By Sridhar Krishnaswami

Washington May 30. The United States President, George Bush, today said the Pakistan President, Pervez Musharraf "must stop incursions across the Line of Control" and announced that he was sending his Defence Secretary, Donald Rumsfeld, to the Indian sub continent early next week.

Next week, the Deputy Secretary of State, Richard Armitage, will be travelling to India and Pakistan. The White House has said there will be no change in this part of the plan; and that the objective of both the Armitage and Rumsfeld missions is to reduce tensions in South Asia.

"...we're part of an international coalition applying pressure to both parties, particularly to President Musharraf.

He must stop the incursions across the Line of Control; he must do so. He said he would do so. We and others are making it clear to him that he must live up to his word,'' Mr. Bush said during a photo opportunity at a Cabinet Meeting at the White House.
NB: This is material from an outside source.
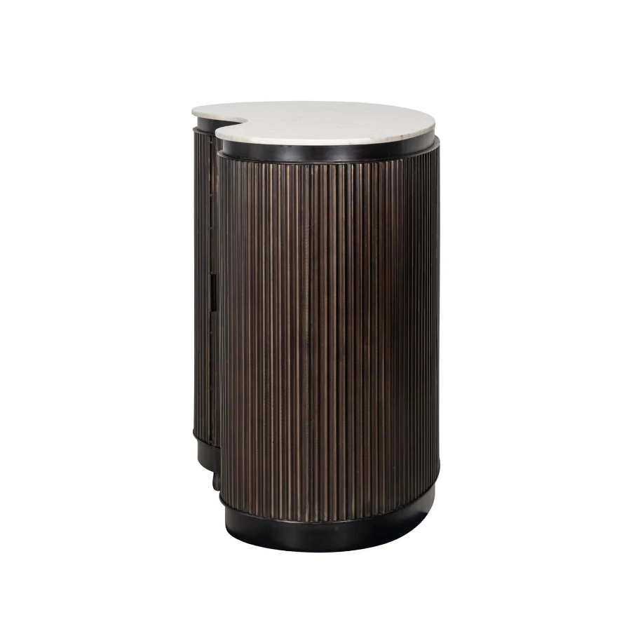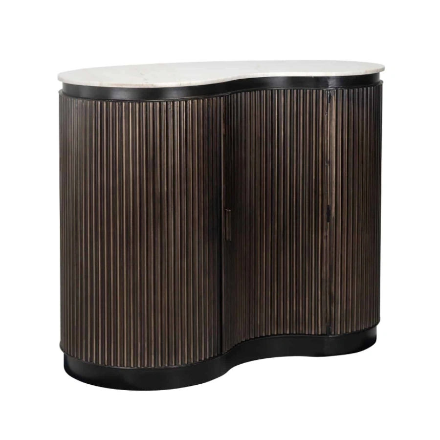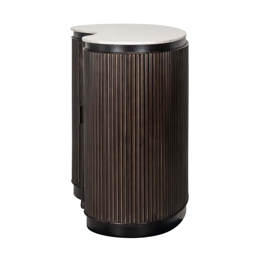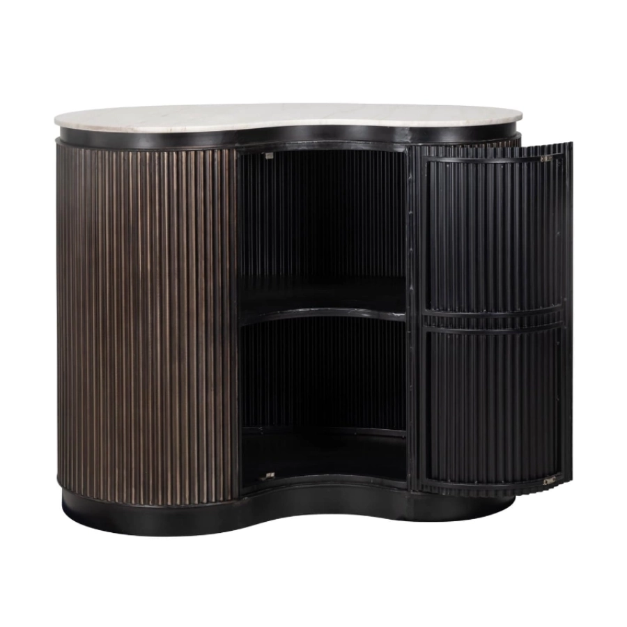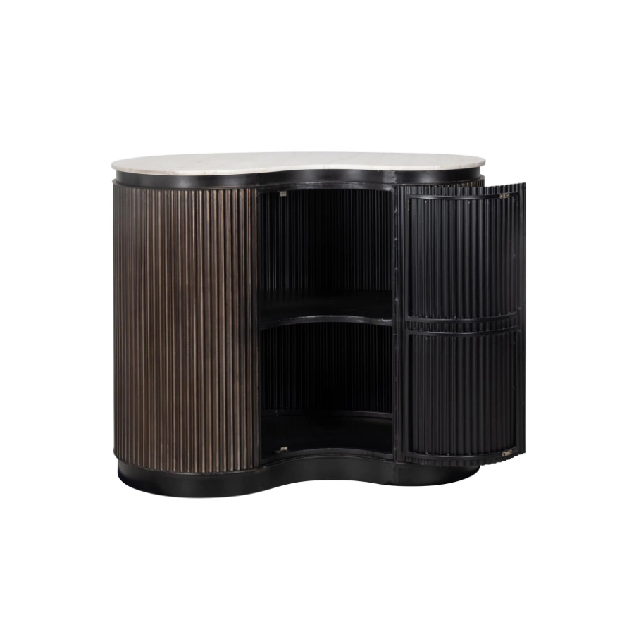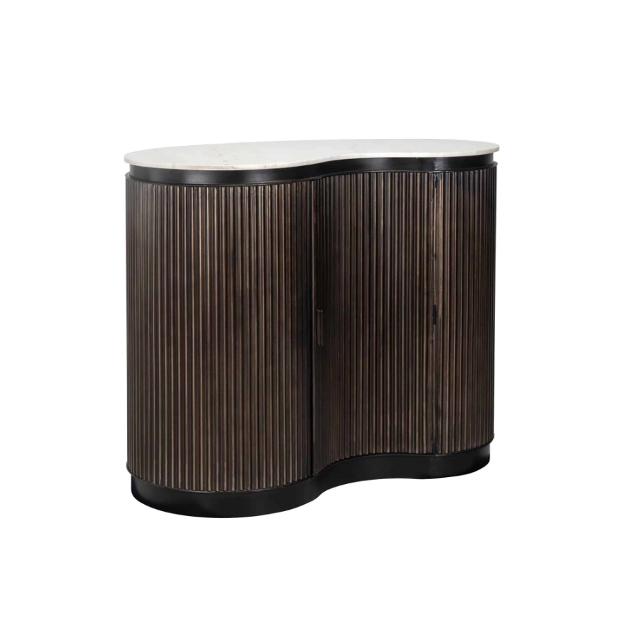 Crafted from rich brown mango wood, it boasts a curvaceous silhouette that exudes warmth and sophistication. The distinctive ribbed detail not only enhances its aesthetic appeal but also cleverly conceals a single door which opens to reveal shelved storage, ideal for organising your selection of bottles and glasses. A slab of smooth marble completes the look, creating an elegant serving platform that’s both beautiful and durable.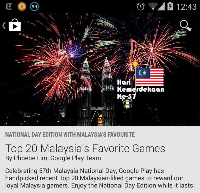 Instead of celebrating our 57th day of Independence on August 31, the Play Store’s “Top 20 Malaysia’s Favorite Games” promotional page listed us as turning 69, a fact that was prominently displayed on the promo copy and the background graphic on both the web and mobile versions of the Play Store.

He made it clear that it was impressed upon both India and Pakistan that war was not in their interests.

Asked if there were plans to evacuate American civilians and troops from India and Pakistan, he said, "...both Secretaries are analysing what it would take to protect American lives, if need be. Secondly, we are making it very clear to both Pakistan and India that war will not serve their interests.''

Mr. Bush said the Al-Qaeda should not have derive any benefit from a conflict between India and Pakistan. "...they (Al-Qaeda) shouldn't think they're going to gain any advantage as a result of any conflict that may be — or talk of conflict between India and Pakistan — because we're still going to hunt them down. This is a long war.''

The Pentagon is convinced that the impact of the rising India-Pakistan tensions is already being felt as far as the hunt for the Al-Qaeda and top lieutanents of Osama bin Laden. The Defence Department is worried that Pakistan has shifted much of its troop concentration from its border with Afghanistan to the Kashmir areas. At the same time, there is the compelling argument here that much of the Al-Qaeda remnants, including perhaps Osama bin Laden, are in Pakistan.

The USA Today is reporting that a U.S. government team is in India to plan for the possible evacuation of troops and citizens from both India and Pakistan. There are an estimated 1000 U.S. forces in three bases in Pakistan and another 100 Commandos currently in a Joint Training Exercise with Indian forces in Agra. The report quotes a Pentagon official "close to war planners'' as saying that the presence of American troops in Pakistan and India might be deterring the rivals from launching a war.

Officials of the State Department and the U.S. Pacific Command have started drawing up evacuation plans for between 50,000 to 60,000 American citizens — virtually all of them from India. An airlift of this magnitude "would dwarf the evacuation of Americans from Vietnam,'' the paper quotes a military official familiar with airlift capabilities as saying.